* What to work on
Would you please return only the lines from the one with "surface, polished. |" through the last line of the records below, leaving the pictures out?

[Records from a data collection]
[Start of Attachment]

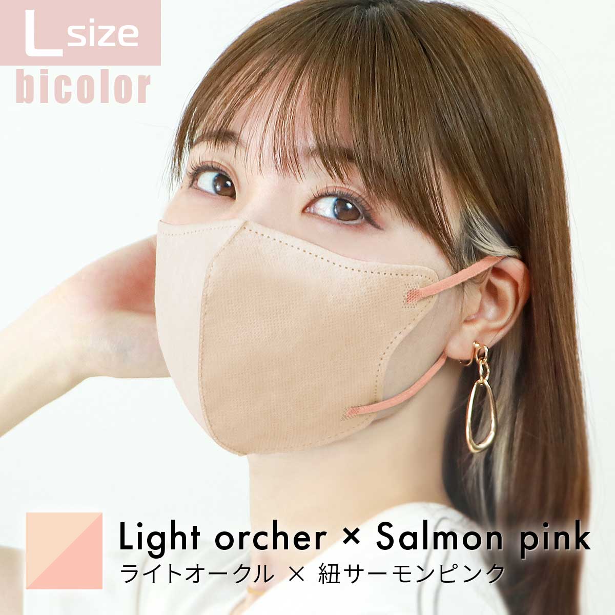 【Lサイズ】【ライトオークル×サーモンピンク】立体マスク バイカラー 両面 同色 立体 不織布 カラー 血色 3Dマスク 3D マスク 2D 2Dマスク 美人 小顔 使い捨て カラーマスク 美 シルエット ジュエルフラップマスク 3Dデイリースタイル Jewel Flap Mask 公式 WEIMALL bwm3d5【カウシェファーム収穫対象商品】
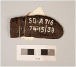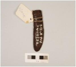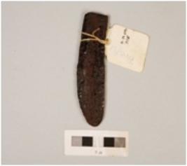 | Description / विवरण | Fragment of iron knife, partly broken, flat surface, U shaped top, cracks on surface, polished. |
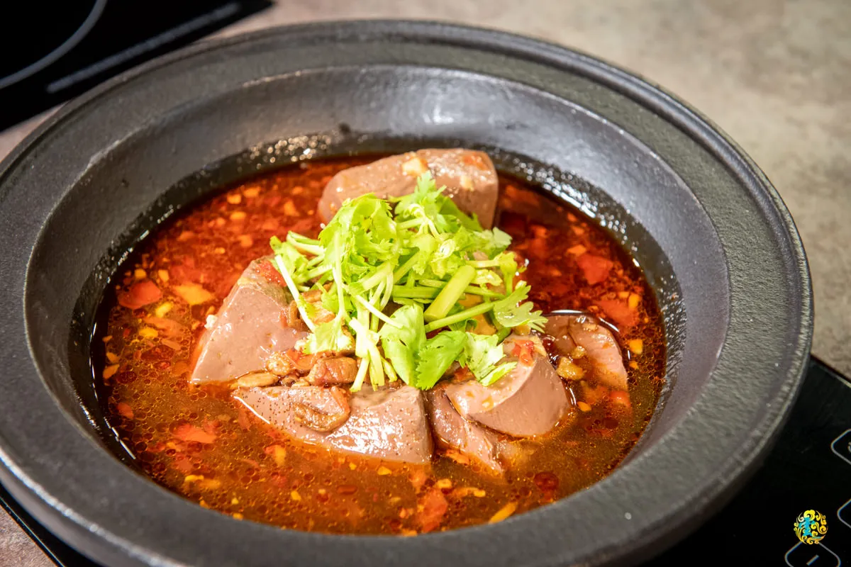 店員會詢問要不要放香菜,在這鍋還未煮開之前,基本上都是花雕雞鍋的香氣,但在麻辣臭豆腐鍋煮開之後,嗅覺感覺全被臭豆腐鍋佔據了,厚實濃郁的香氣在鄰桌都能感受到。辣度凌雲覺得還OK,大概是一般的小辣程度,不帶侵略性的辣度感受,也不會累積那種辣度,所以不會越吃越辣。湯頭太濃或太淡,店員都可以協助調整。輕辣甘潤的湯頭,豆腐與鴨血軟嫩入味,聞起來香,嚐起來辣,整體口感豐厚。
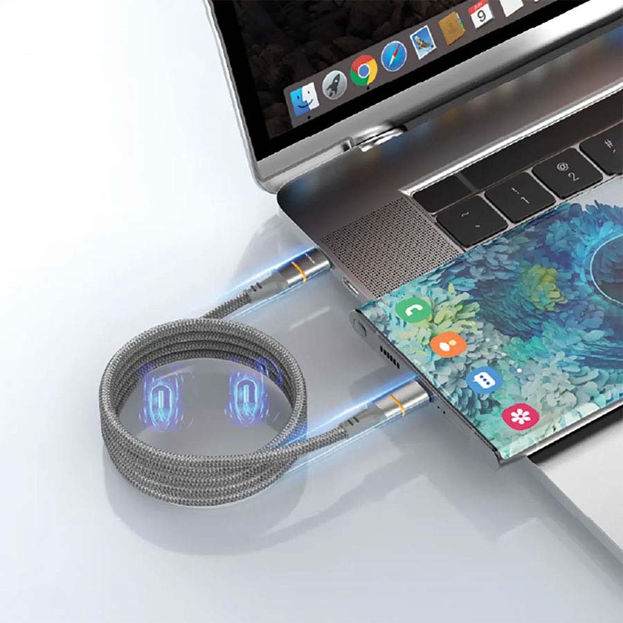 کابل نوری مغناطیسی LED پورتو USB-C به USB-C، یک کابل بافته شده با کیفیت بالا و طول 1.2 متر است که با دوام ساخته شده است. این کابل از شارژ سریع PD 60W و انتقال داده پشتیبانی می‌کند و منبع تغذیه بدون وقفه را برای دستگاه‌های سازگار با پورت‌های نوع C فراهم می‌کند. چراغ LED مغناطیسی آن را در تاریکی قابل مشاهده می‌کند که با ساختار بافته شده و بدون گره خوردن آن، دوام بیشتری در برابر ساییدگی و پارگی به آن می‌بخشد. این یک راه حل مناسب برای شارژ و همگام سازی سریع و کارآمد با سازگاری جهانی است، بنابراین دستگاه‌های شما هرگز تمام نمی‌شوند.
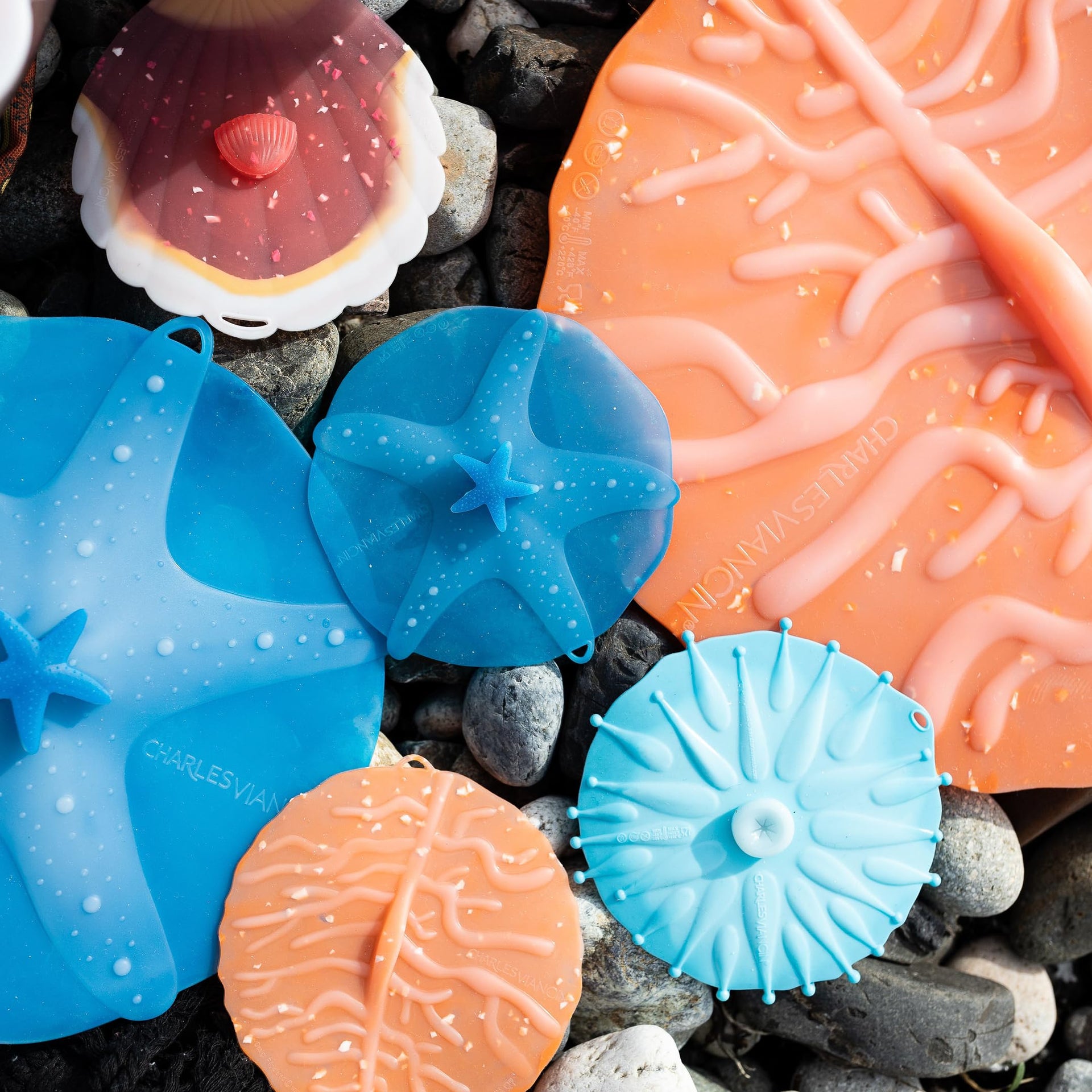 Charles Viancin - Coastal Silicone Lid for Food Storage - Costal Drink Covers - Set of 4 - One of Each - Creates an Airtight Seal on Any Smooth Rim…
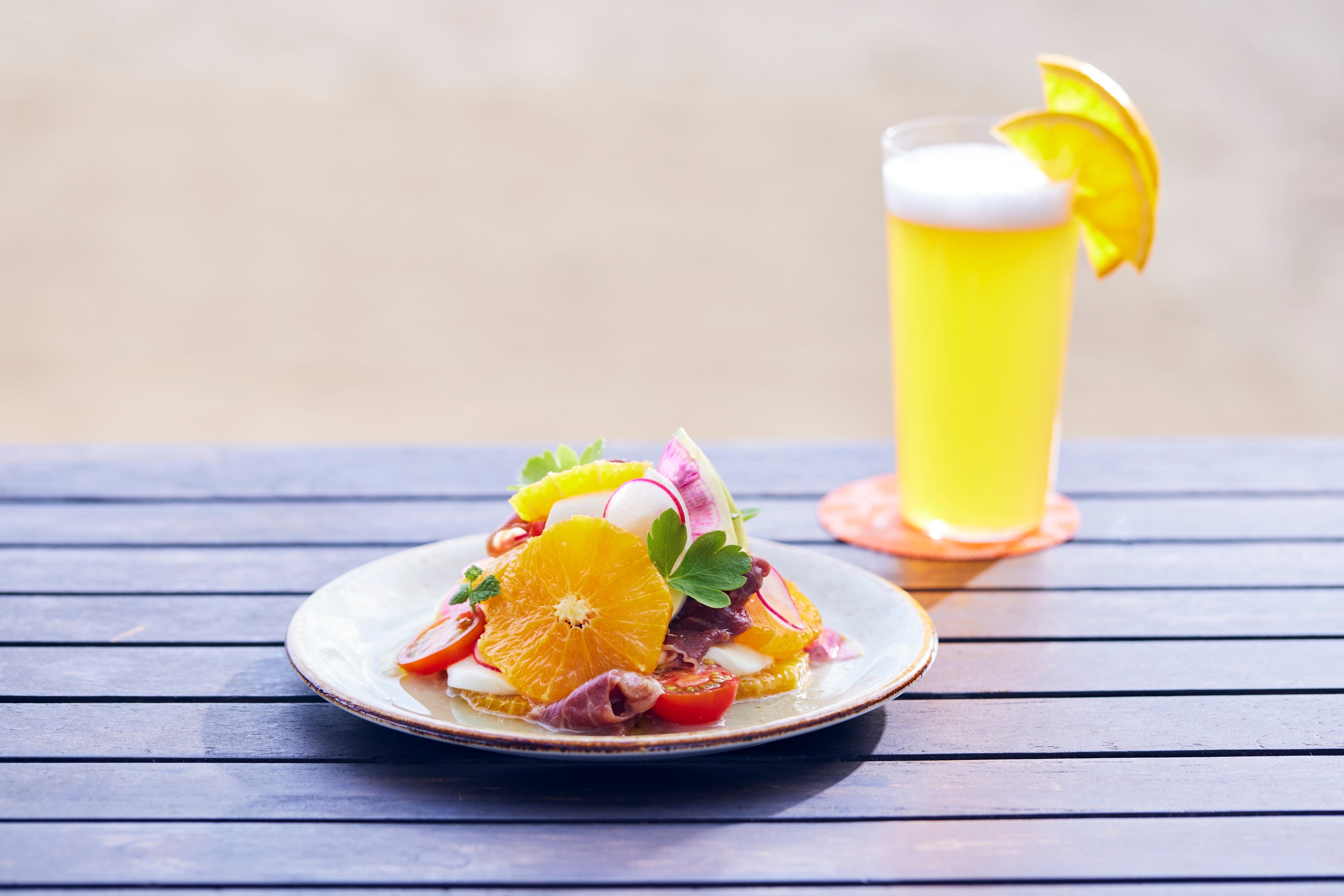 サウナを体験した後は、外気浴を行うウッドデッキスペースでたんかんを使用したサウナ飯とたんかんノンアルコールビールを堪能します。プライベート感溢れるウッドデッキスペースで過ごすサウナ体験後のひとときを演出する、爽やかな味わいのサウナ飯と特製ドリンクです。
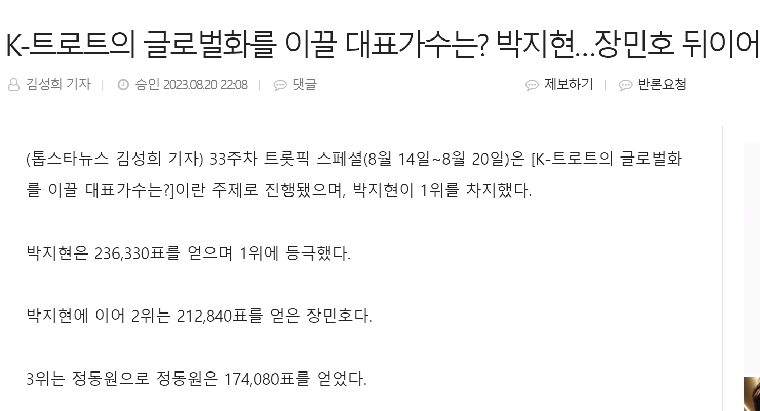33주차 트롯픽 스페셜(8월 14일~8월 20일)에서 'K-트로트의 글로벌화를 이끌 대표가수는? 투표에서 박지현이 1위를 차지했습니다
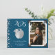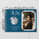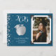 Celebrate the new teacher graduate from education school with this silver and navy blue teacher apple with graduation hat, graduation announcement! Elegant with a vintage photo border and silver confetti accents! Perfect for anyone graduating from college and becoming a teacher!
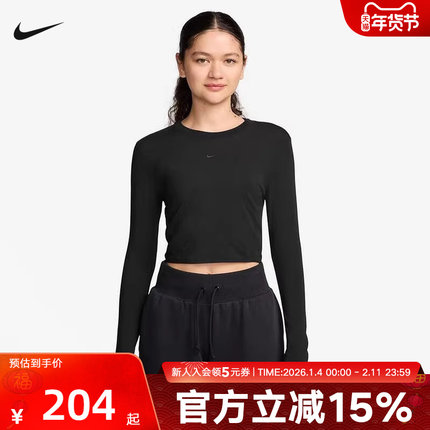 Nike耐克女子短款长袖上衣秋季新款休闲刺绣针织打底衫HF5323-010
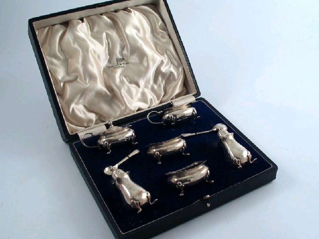 A cased modern six piece condiment set, comprising two mustard pots, two salts and two pepperettes (only three glass liners) and two non-matching plated spoons, by Walker & Hall, Birmingham 1936/38.
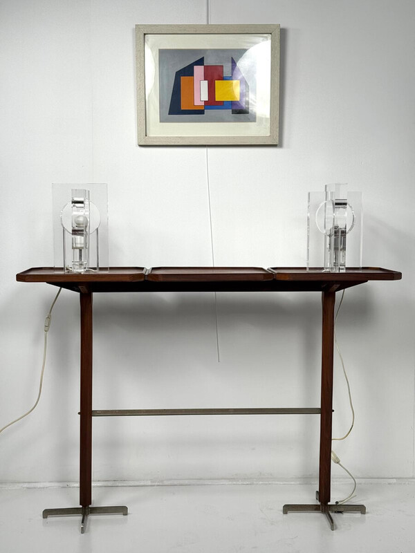 Mid-Century Modern Console, Wood and Chrome Metal, Italy, 1970s

[End of Attachment]

* Task result
 | Description / विवरण | Fragment of iron knife, partly broken, flat surface, U shaped top, cracks on surface, polished. |
 店員會詢問要不要放香菜,在這鍋還未煮開之前,基本上都是花雕雞鍋的香氣,但在麻辣臭豆腐鍋煮開之後,嗅覺感覺全被臭豆腐鍋佔據了,厚實濃郁的香氣在鄰桌都能感受到。辣度凌雲覺得還OK,大概是一般的小辣程度,不帶侵略性的辣度感受,也不會累積那種辣度,所以不會越吃越辣。湯頭太濃或太淡,店員都可以協助調整。輕辣甘潤的湯頭,豆腐與鴨血軟嫩入味,聞起來香,嚐起來辣,整體口感豐厚。
 کابل نوری مغناطیسی LED پورتو USB-C به USB-C، یک کابل بافته شده با کیفیت بالا و طول 1.2 متر است که با دوام ساخته شده است. این کابل از شارژ سریع PD 60W و انتقال داده پشتیبانی می‌کند و منبع تغذیه بدون وقفه را برای دستگاه‌های سازگار با پورت‌های نوع C فراهم می‌کند. چراغ LED مغناطیسی آن را در تاریکی قابل مشاهده می‌کند که با ساختار بافته شده و بدون گره خوردن آن، دوام بیشتری در برابر ساییدگی و پارگی به آن می‌بخشد. این یک راه حل مناسب برای شارژ و همگام سازی سریع و کارآمد با سازگاری جهانی است، بنابراین دستگاه‌های شما هرگز تمام نمی‌شوند.
 Charles Viancin - Coastal Silicone Lid for Food Storage - Costal Drink Covers - Set of 4 - One of Each - Creates an Airtight Seal on Any Smooth Rim…
 サウナを体験した後は、外気浴を行うウッドデッキスペースでたんかんを使用したサウナ飯とたんかんノンアルコールビールを堪能します。プライベート感溢れるウッドデッキスペースで過ごすサウナ体験後のひとときを演出する、爽やかな味わいのサウナ飯と特製ドリンクです。
33주차 트롯픽 스페셜(8월 14일~8월 20일)에서 'K-트로트의 글로벌화를 이끌 대표가수는? 투표에서 박지현이 1위를 차지했습니다
 Celebrate the new teacher graduate from education school with this silver and navy blue teacher apple with graduation hat, graduation announcement! Elegant with a vintage photo border and silver confetti accents! Perfect for anyone graduating from college and becoming a teacher!
 Nike耐克女子短款长袖上衣秋季新款休闲刺绣针织打底衫HF5323-010
 A cased modern six piece condiment set, comprising two mustard pots, two salts and two pepperettes (only three glass liners) and two non-matching plated spoons, by Walker & Hall, Birmingham 1936/38.
 Mid-Century Modern Console, Wood and Chrome Metal, Italy, 1970s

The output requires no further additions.